The record does not indicate that the court was mistaken about the defendant’s minimum sentence. In fact, before the court imposed sentence, it carefully considered the pertinent aggravating and mitigating factors set forth in the Code. (Ill. Rev. Stat. 1985, ch. 38, pars. 1005—5—3.1, 1005 — 5—3.2.) Instead of supporting an abuse of discretion, the record indicates that the defendant agreed that probation was unavailable and invited the court to sentence him as an adult. We, therefore, cannot allow the defendant to successfully complain of the alleged error on appeal. People v. Beavers (1986), 141 Ill. App. 3d 790, 491 N.E.2d 438.

Finally, the defendant argues that the court erroneously ordered him to reimburse his public defender attorney from his bond.

The court noted that the defendant, who had a court-appointed attorney, had posted $1,500 bond. The State orally requested public defender reimbursement at the hourly rate of $52.85. The defendant’s counsel stated that she had worked more than 80 hours on the defendant’s case. The court ordered that the defendant’s bond be applied to court costs of $528 and public defender fees of $972.

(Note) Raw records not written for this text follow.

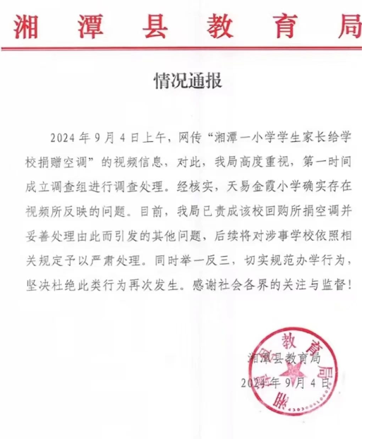 9月5日,据湖南省湘潭县媒体中心官方抖音号“中国莲乡”报道,湘潭县教育局发布此事报告,称相关情况属实,已责成学校回购捐款空调。
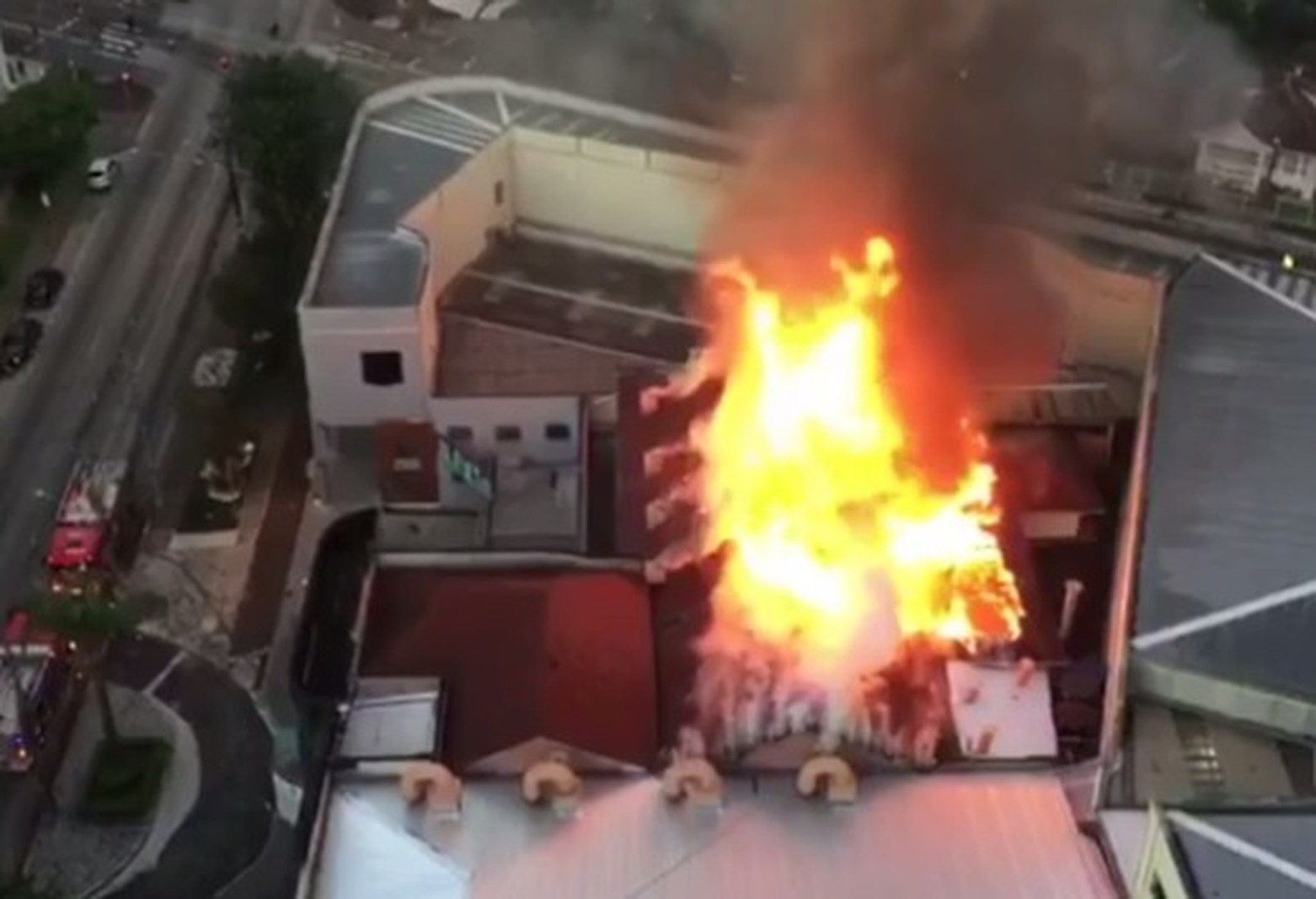 Um incêndio de grandes proporções atingiu o prédio da Sociedade Internacional Água Verde, em Curitiba, por volta das 6h desta terça-feira (7), no bairro Batel.
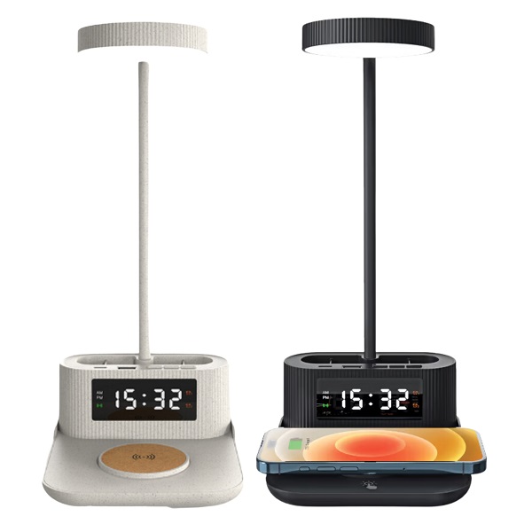 The Spegos 15W Wireless Charger with Lamp, Pen Holder, and Clock combines elegance with functionality. This foldable wireless charging station offers three adjustable light colors, a pen holder, and a sleek clock, all crafted with eco-friendly wheat and cork materials. Perfect as a eco-friendly corporate gift, it’s the ideal accessory for any modern workspace.

When a defendant has court-appointed counsel, the court may, following a hearing, order reasonable reimbursement from the defendant’s bond and may consider the interests of whoever posted the bond. (Ill. Rev. Stat. 1985, ch. 38, par. 113—3.1.) The court must, however, determine the county’s cost and the defendant’s foreseeable ability to pay. People v. Bramlett (1983), 118 Ill. App. 3d 1056, 455 N.E.2d 1092.

The defendant was present when the State orally moved for *560reimbursement. The court knew that subsequent to his trial the indigent, 16-year-old defendant had worked at most two days weekly with his father. It found that the defendant was unable to compensate the victim. The record was devoid of the defendant’s ability to pay, the county’s actual cost for the defendant’s counsel and considerations of the person who posted his bond. We find that under these circumstances the court abused the statutory procedure. (See People v. Reynolds (1987), 152 Ill. App. 3d 216, 504 N.E.2d 163.) Therefore, pursuant to Supreme Court Rule 615(b), we vacate the trial court’s reimbursement order. 87 Ill. 2d R. 615(b).

Accordingly, the judgment of the circuit court of Will County is modified to vacate both the defendant’s count II conviction and the provision ordering the defendant to reimburse the county $972 for attorney fees. The judgment is otherwise affirmed.

Affirmed as modified.

BARRY, P.J., and HEIPLE, J., concur.